Select Committee on European Scrutiny Thirty-First Report


12 Ambient air quality

(27030)

14335/05

COM(05) 447

+ ADD 1

Draft Directive on ambient air quality and cleaner air for Europe


Commission Staff Working Paper: Annex to the Commission Communication Thematic Strategy on Air Pollution and the Directive on Ambient Air Quality and Cleaner Air for Europe — Impact Assessment

Legal baseArticle 175EC; co-decision; QMV
DepartmentEnvironment, Food and Rural Affairs
Basis of considerationSecond SEM of 15 May 2006
Previous Committee ReportHC 34-xiv (2005-06), para 3 (11 January 2006) and HC 34-xvi (2005-06), para 7 (25 January 2006)
To be discussed in Council27 June 2006
Committee's assessmentPolitically important
Committee's decisionCleared

Background

12.1 As we first noted in our Report of 11 January 2006, the Commission has sought in this document to give legislative effect to the intentions in the Communication it produced in September 2005[42] setting out a Thematic Strategy on Air Pollution. As such, the proposal would retain the obligations which Member States are currently required to meet under the Air Quality Framework Directive (1996/62/EC) and three of its "daughter" Directives,[43] but, in addition to allowing them more time to comply, it would introduce a number of changes foreshadowed in the Thematic Strategy. These include a non-mandatory provision to reduce ambient levels of the more hazardous fine particles below 2.5 µm in diameter (PM2.5) in 2020 by an average of 20% across each Member State, with the aim of introducing a mandatory reduction later; a mandatory annual average "concentration cap" of 25µg per m3 on such particles by 2010; and the introduction of new monitoring requirements by the beginning of 2008, in order to assess compliance.

12.2 We also noted that the Government was preparing an initial Regulatory Impact Assessment, but that the Commission had in the meantime concluded that the measures already committed will cost €65 billion (£5 billion in the UK), but that, despite the resultant improvement in air quality, the disbenefits arising from damage to health in 2020 would still be between €189 and 609 billion a year (£15-43 billion in the UK). It also put the cost of delivering in due course a mandatory reduction in fine particle levels at about €5 billion a year across the Community as a whole, but suggested that this would deliver benefits of €36-119 billion.

12.3 Against this background, and bearing in mind the intrinsic importance of the subject, we decided to draw these proposals to the attention of the House, but said that we would take a final view on them once we had received the Regulatory Impact Assessment which the Government had said it would be providing.

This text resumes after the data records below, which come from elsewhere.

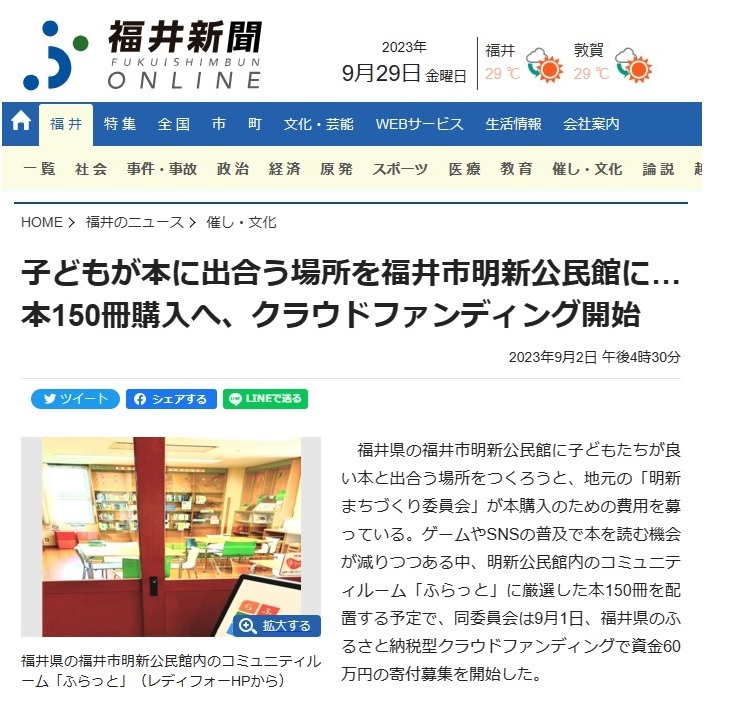 子どもが本に出合う場所を福井市明新公民館に…本150冊購入へ、クラウドファンディング開始 | 催し・文化 | 福井のニュース | 福井新聞ONLINE (fukuishimbun.co.jp)
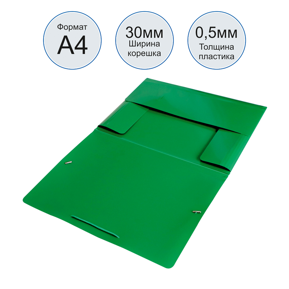 Изготовлена из прочного пластика толщиной 0,5 мм, который защищает бумаги от влаги, пыли и заломов. Удобные резинки-застёжки надёжно фиксируют обложку, предотвращая выпадение бумаг, а насыщенный зелёный цвет придаёт папке свежий и аккуратный вид.
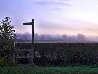 Keywords: signpost dawn morning misty mist nature countryside wooden sign stile rural hedge fields trees autumn sunrise

12.4 In our subsequent Report of 25 January 2006, we noted that the initial Regulatory Impact Assessment which we had by then received had sought to assess the implications of both the draft Directive as it currently stands and (in order to aid the UK's negotiating position) of a number of possible changes. We decided in that Report to concentrate on the first of these approaches, where the Assessment had suggested that:

  • since some of the current limits set for larger particulate matter up to 10 µm in diameter (PM10) and nitrogen dioxide may not be met fully as things stand, the extended time limit for compliance would increase the chances of those limits being met, and also have an unquantified impact on the additional costs it would otherwise have been necessary to incur: on the other hand, there would be an unquantified health disbenefit;
  • since the exposure reduction target for fine particles is not mandatory, this would of itself be unlikely to create any additional costs for the UK;
  • the proposed concentration cap for fine particles could be met without additional measures; and
  • the costs associated with the need for additional monitoring would be between £1.6 and 2.5 million a year.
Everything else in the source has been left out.